Corinna blinked. “I’m sure he has a great deal to do there.”

“I cannot see what,” his sister replied, shaking her head over a pair of violently yellow kid gloves. “Harvest is long past, and it’s nearly a day’s drive there and another day’s return. He might have waited until after our parents are wed, don’t you think?”

She couldn’t think at all. Her hopeful imagination wanted to believe he would have come to see her if he hadn’t had business to attend to elsewhere. She needed to believe it. After he spoke to her so directly in front of Gregory, knowing without her saying how worried she was that she had put his reputation in danger, she wanted to believe the best of him.

“Good afternoon, ladies.”

Corinna looked up into the handsome face of the Baron of Grace. During their ride in the park three days earlier, he had been the portrait of gentlemanly courtesy. Even under the pressure of her concerns that morning, it had tickled her that she knew another side of him that no woman would ever see. But it wasn’t so very different from this side. He was a good man, despite his brandy and cards. Corinna wished she could tell Ian that, and everything else she’d been thinking since they’d met in the park.

“How delightful to see you, my lord,” Calista chirped. “Have you seen my brother?”

He bowed to Lady Chance who was across the shop, then returned his attention to the marchioness. “Which brother, my lady?”

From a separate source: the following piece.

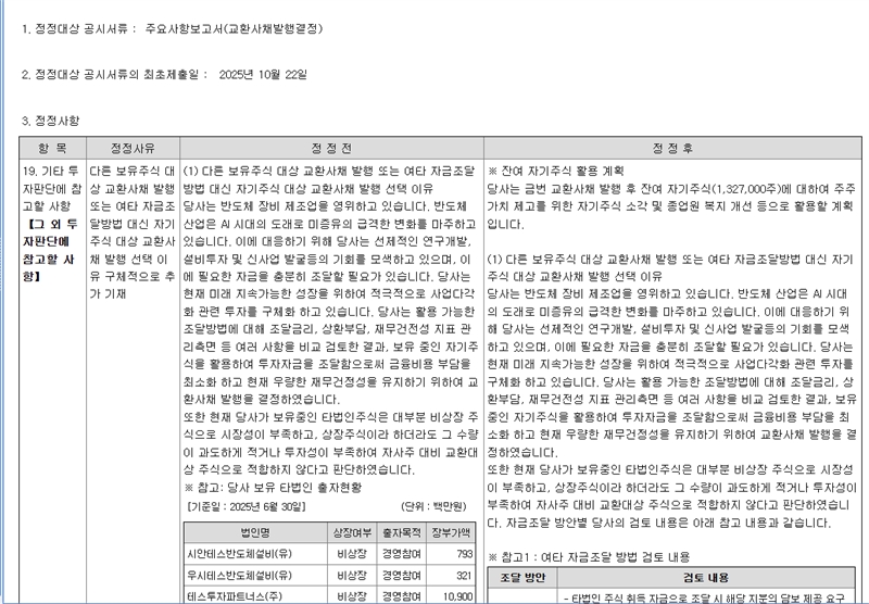 이에 테스는 28일 정정 공시를 다시 내고 잔여 자사주 활용계획, 기타 자금조달 방법 검토내용, 금융기관 차입금 현황, 타법인 출자현황, EB 조달자금 사용계획 등을 자세히 설명했다. 이 정정 공시에 금감원이 만족할 지는 지켜볼 일이다.

“Ian, of course. Has he returned from the country yet?”

“I don’t believe so. Lady Corinna, may I trouble you for advice on a pair of gloves I’ve been considering for some time. I admire your taste in fashion and believe I could trust you to help me make the correct decision.”

“Of course.”

Calista gave her a curious look as she moved to a display case with the baron. He pointed within it.

“I hope I don’t overstep my bounds, my lady,” he said quietly, “to speak with you in this manner.”

“What manner is that, my lord?”

He studied her for a moment. “Chance told me of his brother’s trouble, and I lent a hand where I was able. Just as you did. Admirably, may I add?”

“I did only as I might for my own brother if I had one.”

“Hm. I daresay.” He glanced at the gloves before them, then again at her face. “I don’t know if you have yet heard from young Gregory. It is all settled. Patterson has withdrawn his threat and Sparks is routed. It seems Sparks is in fact now on his way to Paris to fleece unsuspecting Englishmen in exile rather than at home, and Patterson is suitably chastised, such that he will not attempt to blacken my friend’s name again.”

“Oh, I am relieved to hear it.” Corinna released a breath, then her brow puckered. “Lord Chance did not threaten Lord Patterson, did he?”

“Did he call him out? No.” He shook his head, lifting a dark golden brow. “Chance isn’t interested in that sort of cockerel show. Except on one occasion, of course.”

Abernathy.

Warmth stole into Corinna’s cheeks—ridiculous, since she had been the one to strike the Marquess of Abernathy. But Ian had countenanced it, and it was his idea to call out Abernathy in the first place. Even when he hated her he defended her and kissed her. He was thoroughly impossible, and he owned her heart.